O Comité de Imigrantes em Portugal (CIP) e o advogado Célio Sauer apresentaram hoje aos deputados da Assembleia da República vários argumentos sobre o que os levou a lançar uma petição a pedir a mudança do início de tempo de contagem para os imigrantes adquirem a nacionalidade portuguesa. O primeiro: a necessidade de se fazer justiça.

Juliet Cristino chorou perante deputados a quem os avisou: “Não vou desistir de lutar” pela Nacionalidade. Célio Sauer mostrou-se “um homem de fé”, falou dos benefícios e das contrariedades da residência CPLP e deixou ficar diversas sugestões jurídicas para a melhoria do funcionamento dos serviços migratórios em Portugal, onde, segundo disse, “é preciso investir na administração digital”.

As duas petições desses imigrantes brasileiros levará a que, em breve, em Portugal se abram novas perspetivas de luta pelos direitos dos migrantes. Qualquer que seja a resposta do Parlamento vai ter triplo efeito: a possibilidade de as autoridades portuguesas alterarem a Lei da Nacionalidade, ou ignorarem a exigência, o que ditará o arranque de uma nova luta a ser desencadeada, sobretudo, pelo CIP liderado por Juliet Cristino, que em plena audiência esclareceu aos deputados que a sua exigência não é apenas pessoal.

Juliet Cristino, Fundadora do Comité dos Imigrantes em Portugal, que luta para o rápido processo de atribuição de Título de Residência
“Não estou a lutar só por mim, mas por todos as pessoas que estão atrás de mim”, disse Juliet Cristino em lágrimas que contagiaram deputados da Comissão de Assuntos Constitucionais, Direitos, Liberdades e Garantias, que ouviram atentamente o relato da “situação de desespero” de milhares de imigrantes pela legalização e ou aquisição da nacionalidade portuguesa mesmo estando a residir há anos no território português.

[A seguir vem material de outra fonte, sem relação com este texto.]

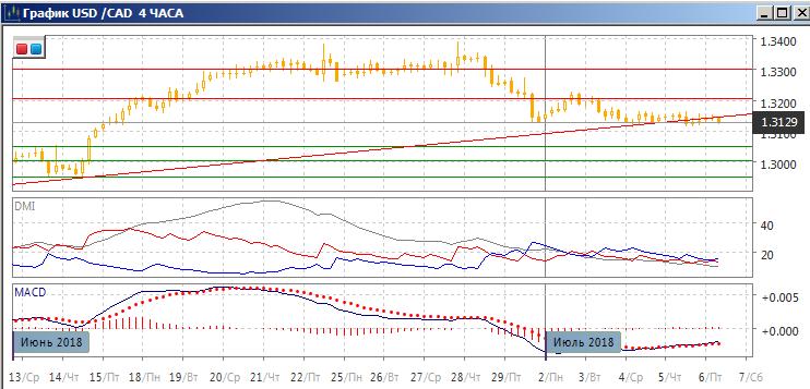 На четырёхчасовом графике пара тестирует уровень 1,3130, у минимума конца июня, где приостановилось резкое снижение от 1,3400. Постепенное приближение относительных максимумов к 1,3130 делает более вероятным преодоление того уровня и продолжение снижения. По индикаторам направленного движения в этом масштабе флэт: DM+ и DM- близки при низком уровне ADX. Гиcтограмма MACD около нуля. Наклон линии MACD слабый. Скорее, стоит рассчитывать на продолжение снижения, но действовать только после закрепления ниже 1,3130.

E dentre os milhares de imigrantes está Sónia Gomes, uma das co-fundadoras do CIP, esta que é hoje a maior rede migratória virtual que revolucionou a vida dos imigrantes no território português, e também a advogada Elaine Linhares.

Numa declaração direta aos deputados, Célio Sauer, um dos mais respeitados advogados brasileiros em Portugal, afirmou: “Eu sou um homem de fé”, pelo que, disse, acredita que a petição hoje discutida no Parlamento traga uma boa resposta para os imigrantes.

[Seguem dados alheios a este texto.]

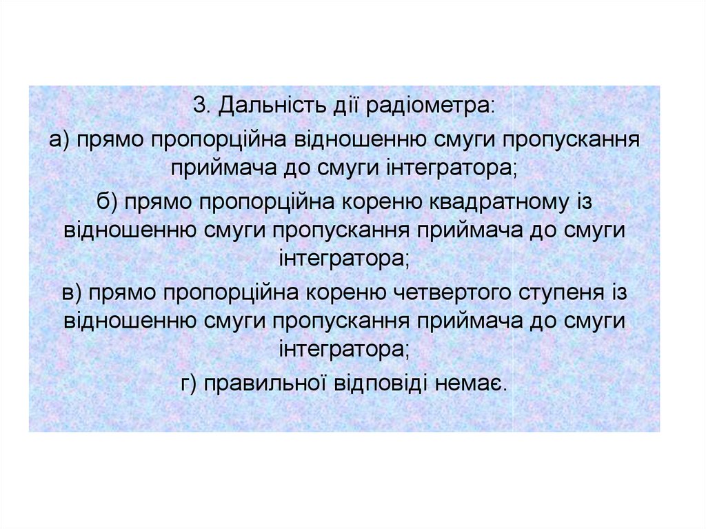 3. Дальність дії радіометра:а) прямо пропорційна відношенню смуги пропускання

Em maio de 2022, o Comité de imigrantes, CIP, fundado pela brasileira Juliet Cristino, lançou uma petição a exigir que o cálculo para aquisição da cidadania seja feita “a partir do momento em que é aceite o processo de Manifestação de Interesse” pelo Serviço de Estrangeiros e Fronteiras (SEF).

Tempos depois, Célio Sauer apresentou uma petição similar para que a contagem seja feita a partir da data em que foi apresentada a manifestação de interesse ao SEF.

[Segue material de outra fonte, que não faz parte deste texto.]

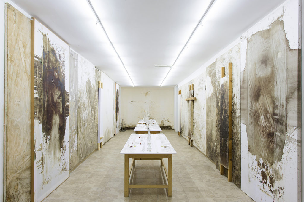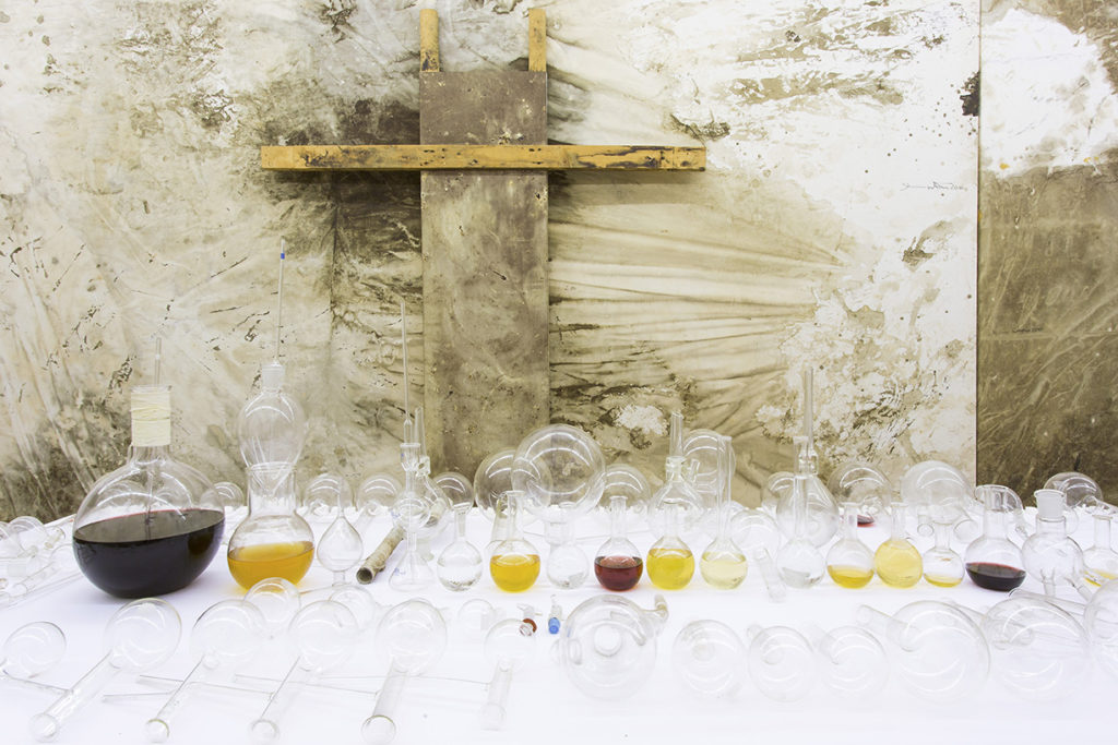 Si crea, così, un dialogo a distanza – ma intenso, fortissimo e imprescindibile – tra momento teatrale e momento visivo. È nella natura stessa dei “relitti”, l’essere traccia di qualcosa, testimonianza di un evento che è trascorso lasciando dietro di sé l’eco, enigmatica, della sua stessa esistenza. D’altro canto, per come li intende Nitsch, i “relitti” del Teatro delle Orge e dei Misteri sono anche una libera e autonoma costruzione, artistica e formale, che parte dalla testimonianza del fatto teatrale ma lo trascende. L’evento vivo e vissuto delle azioni non viene documentato dai “relitti” ma, letteralmente, riscritto; è opera in sé, in quanto teatro, ma anche materiale per una nuova opera, la quale agisce come momento di una silenziosa riflessione dopo il fragore estatico del rito teatrale.

A Assembleia da República entendeu que as propostas eram similares, pelo que decidiu, pela primeira vez na história do órgão, receber no mesmo dia dois proponentes – no caso, os brasileiros – para que estes explicassem àquela comissão quais os motivos que levam a que os imigrantes façam a exigência de mudanças da norma de contagem.

Em declarações ao jornal É@GORA, Célio Sauer fala da complementaridade das propostas, até porque, diz, “ambas buscam mitigar injustiças”.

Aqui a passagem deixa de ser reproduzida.